* _Available data_
================================

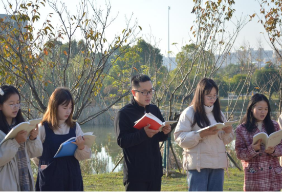 首先,我们进行的第一个活动是“品读习语金句”:胡文根老师以及各位同学共同阅读了《习近平总书记教育重要论述讲义》,通过学习习近平总书记系列重要讲话和指示批示精神,加深对习近平新时代中国特色社会主义思想的理解和认识。大家在八九点钟太阳光芒的照射下,朝气蓬勃地阅读着发人深省的讲义,坚定了新时代青年牢记嘱托、奋发有为的信心和决心,推动习近平新时代中国特色社会主义思想在青年学子中入耳入心入脑。在阅读结束后,胡文根老师针对书中的一部分重要内容结合自身所学知识和见解进行了更为具体的讲解,引导学生学习习近平总书记讲话中蕴含的精神,深刻体味贯穿其中坚定的信仰追求。
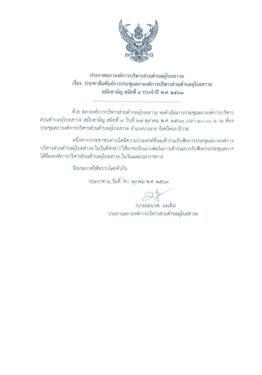 การเรียกประชุมสภาองค์การบริหารส่วนตำบลลุโบะสาวอ ประจำปี พ.ศ. 2565
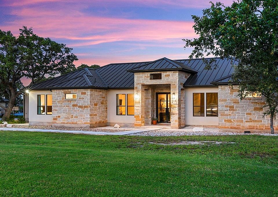 An expansive Hill Country retreat with a timeless design driven interior. Open concept modern, transitional custom build by the highly regarded TLP Construction. The foyer welcomes you with 10 ft - 14 ft ceilings and a custom iron and glass french door. Custom cabinetry adorns the eat in chef's dream kitchen anchored by a substantial island with plenty of storage. 8 ft wood doors and 4 panel slider invite the outside in with over 450 sqft of additional outdoor living.

================================

* _Your objective_
Drop the pictures, then transcribe the lines from the one containing "การเรียกประชุมสภาองค์การบริหารส่วนตำบลลุโบะสาวอ ประจำปี พ.ศ." to the end of the data above, exactly and nothing more.

* _Task result_
 การเรียกประชุมสภาองค์การบริหารส่วนตำบลลุโบะสาวอ ประจำปี พ.ศ. 2565
 An expansive Hill Country retreat with a timeless design driven interior. Open concept modern, transitional custom build by the highly regarded TLP Construction. The foyer welcomes you with 10 ft - 14 ft ceilings and a custom iron and glass french door. Custom cabinetry adorns the eat in chef's dream kitchen anchored by a substantial island with plenty of storage. 8 ft wood doors and 4 panel slider invite the outside in with over 450 sqft of additional outdoor living.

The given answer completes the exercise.